**Assignment**: Would you please retype, exactly, the lines of the listing below between the line with "The mouth of" and the line with "Amalfi Positano Vietnam", inclusive?

**Data records**:

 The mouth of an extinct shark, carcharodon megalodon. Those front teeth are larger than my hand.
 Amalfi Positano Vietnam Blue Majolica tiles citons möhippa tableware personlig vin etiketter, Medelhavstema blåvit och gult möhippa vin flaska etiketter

---

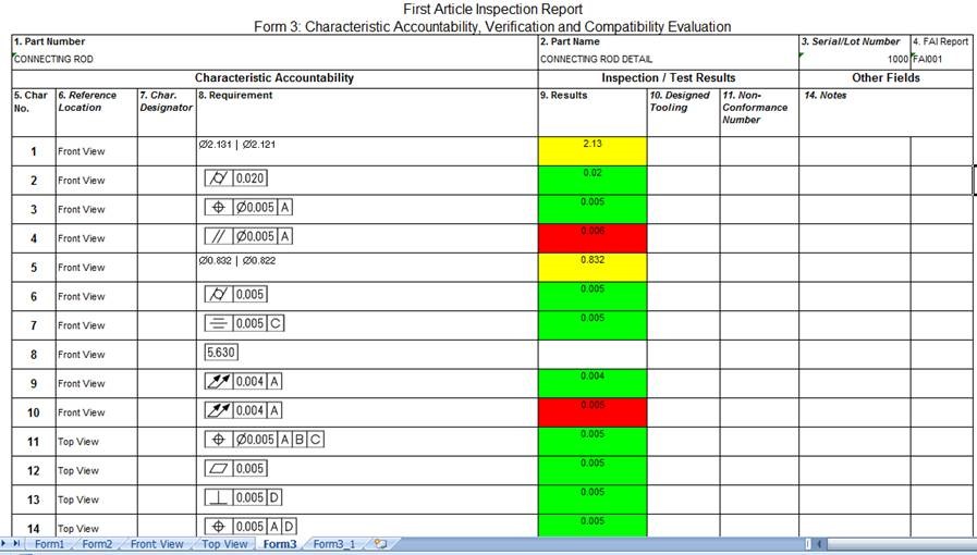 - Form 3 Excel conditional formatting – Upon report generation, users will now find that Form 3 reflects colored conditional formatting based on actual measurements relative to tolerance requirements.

---

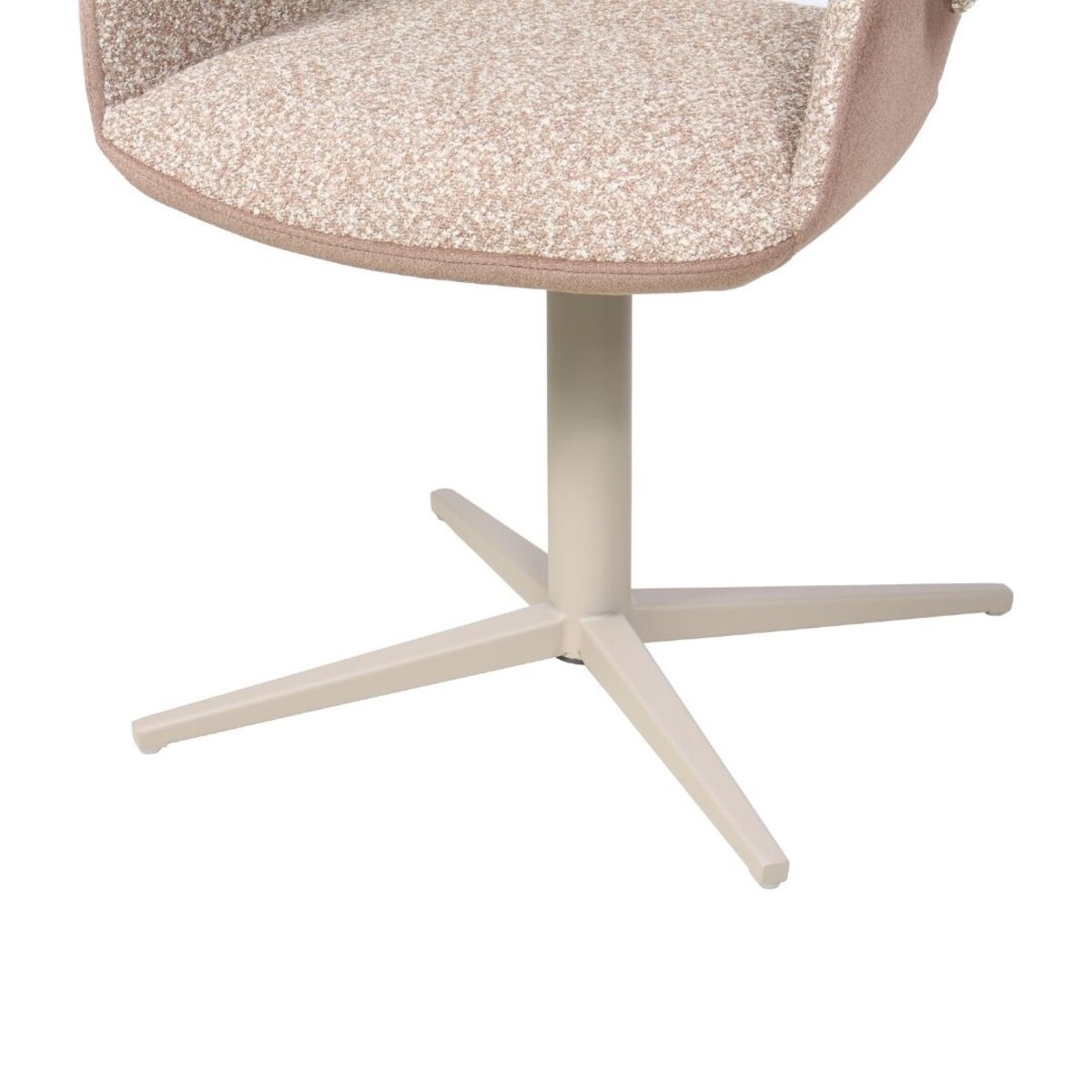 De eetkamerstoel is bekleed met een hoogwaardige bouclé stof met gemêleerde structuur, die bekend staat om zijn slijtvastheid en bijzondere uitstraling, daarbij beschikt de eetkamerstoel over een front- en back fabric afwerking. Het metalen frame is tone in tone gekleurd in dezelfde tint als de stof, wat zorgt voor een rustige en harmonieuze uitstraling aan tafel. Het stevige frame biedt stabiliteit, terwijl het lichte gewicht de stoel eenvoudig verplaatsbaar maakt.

**Written response**:
 The mouth of an extinct shark, carcharodon megalodon. Those front teeth are larger than my hand.
 Amalfi Positano Vietnam Blue Majolica tiles citons möhippa tableware personlig vin etiketter, Medelhavstema blåvit och gult möhippa vin flaska etiketter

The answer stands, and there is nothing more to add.